Date: January 26, 2026
Podcast Host: Pionaire Podcasting
Main Cast: Bert, Kristin, Abby, Cassie, Tommy, and others
Segment Focus: Navigating workplace ethics and retaliation
This episode centers on a listener, Nicole (on a voice disguiser), dealing with a toxic situation at her new job in a pediatric center. The main issue: Nicole’s supervisor is attempting to have her disparage a colleague to help facilitate her firing. When Nicole refuses, she is subjected to ongoing workplace hostility. The Bert Show team and listeners (including peer callers and an HR expert) weigh in with ethical advice, strategies for self-protection, and personal stories, while acknowledging the complexities of small office environments and limited HR resources.
“I just don’t want to get involved. I’m not trying to be rude. I’m not trying to be disrespectful. I just don’t want to get involved.” — Nicole ([02:38])
“As your supervisor, I will no longer fight your battles for you.” — Supervisor (paraphrased by Nicole, [03:04])
“She needs is something via email or something in writing … to be like, this is how she’s intimidating me.” — [Host D, 05:21]
“A lot of people in the state of Georgia think recording someone is illegal. But honestly, in the state of Georgia, if one party knows they’re being recorded...it is legal.” — Jancy ([10:00])
“She is liable for what’s called ‘refuge’ because she’s falsifying records. So under no circumstances, she should not do it.” — Carlos (HR Expert, [12:31])
“Document the fact that the supervisor has requested that of her … email to yourself or, you know, certified mail to yourself and to the HR department.” ([12:36])
“If you are fired, you can go back to them and get some type of damages or at least, you know, pose the legal threat of a lawsuit. It protects you.” — Carlos ([13:17])
“The situation does not turn around once you do this … best to get out. Yes, I would suggest you get out as soon as possible.” ([13:34])
“I just don’t want to get involved. I’m not trying to be rude. I’m not trying to be disrespectful. I just don’t want to get involved.” — Nicole ([02:38])
“She’s gonna get her way. The supervisor is gonna get her way. And there’s no HR to back you up on this whole thing? No.” — Host A and Nicole ([05:11])
“They’re going to say, well, this girl’s gonna be a troublemaker. And you’ll be gone.” — Host B ([07:23])
“Go to a computer…update your resume…and wait for a new job offer…” — Host B ([06:49])

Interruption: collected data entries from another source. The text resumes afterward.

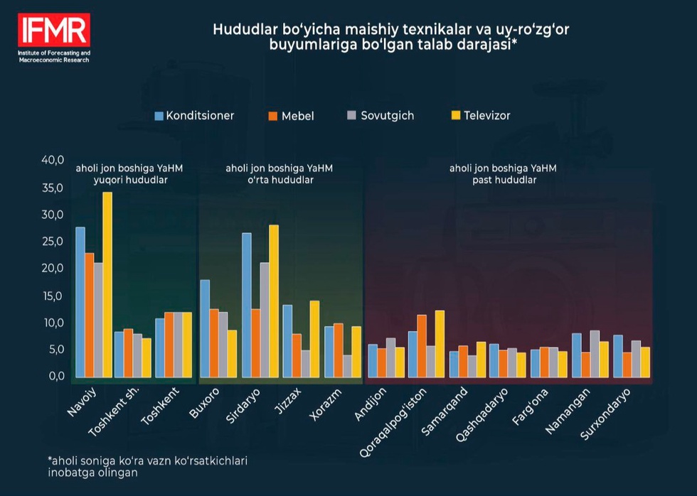 Олинган натижаларга кўра, Навоий, Сирдарё ва Бухоро вилоятларида кондиционер ва мебелга, Сирдарё, Навоий ва Тошкент вилоятларида совутгичга, Навоий, Сирдарё ва Жиззах вилоятларида телевизорга талаб юқори бўлган.
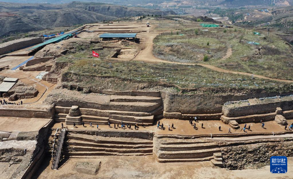 4月26日,外宾在陕西石峁遗址皇城台遗址参观调研(无人机照片)。
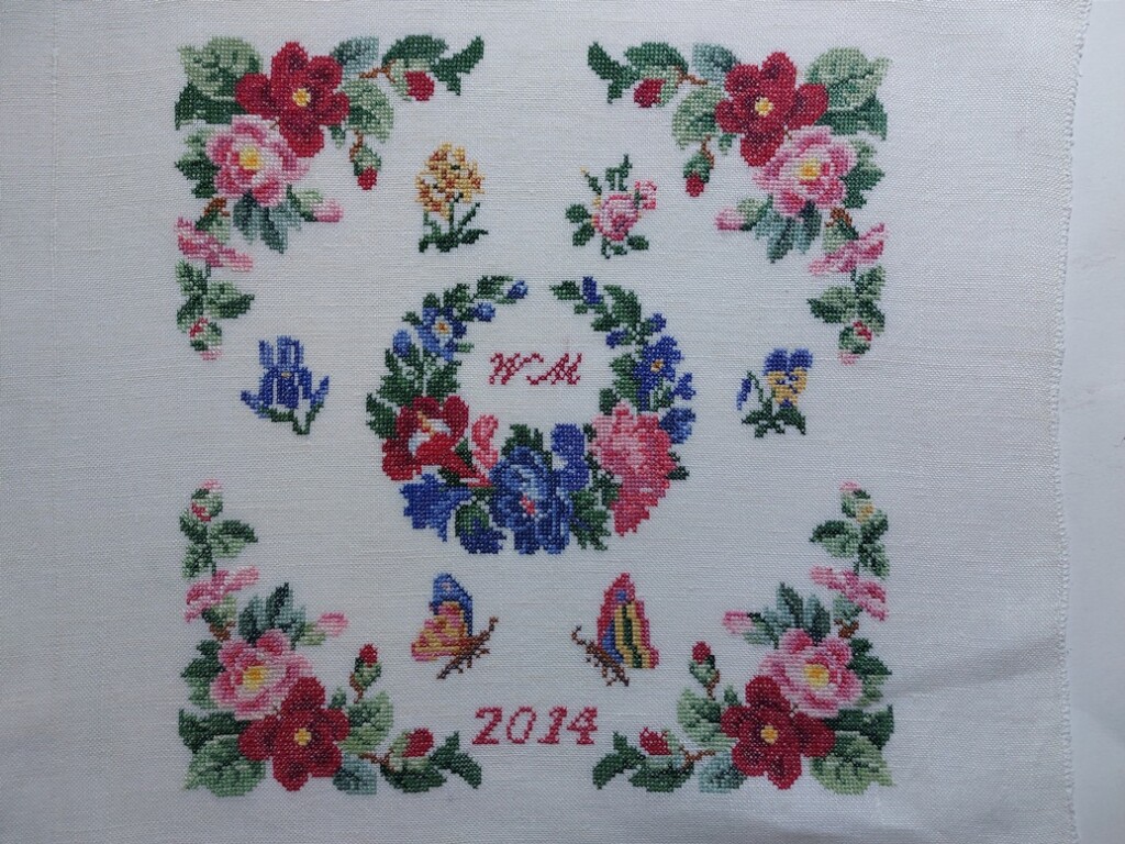 Tien jaar geleden alweer, dat 2014. Bloemen in de hoeken, een krans met bloemen in het midden, en de initialen van de maakster.

“In the state of Georgia, you can record a conversation with someone as long as one party knows they’re being recorded. And that one party, of course, is yourself.” — Jancy ([10:46])

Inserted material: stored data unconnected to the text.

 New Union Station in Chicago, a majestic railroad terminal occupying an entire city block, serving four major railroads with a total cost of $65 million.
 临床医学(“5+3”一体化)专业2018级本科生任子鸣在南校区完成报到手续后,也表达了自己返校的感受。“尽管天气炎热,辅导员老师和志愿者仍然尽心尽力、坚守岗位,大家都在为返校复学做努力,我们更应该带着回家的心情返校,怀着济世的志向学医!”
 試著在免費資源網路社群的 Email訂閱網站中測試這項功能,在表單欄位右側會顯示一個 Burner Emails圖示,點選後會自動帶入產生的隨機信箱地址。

Nicole’s story resonated with both the Bert Show hosts and their caller community as a textbook case of the moral and professional traps found in small, HR-light workplaces. The consensus: Do not participate in unethical acts or falsification, document everything, seek legal and managerial protections, and ultimately—if possible—find a healthier work environment.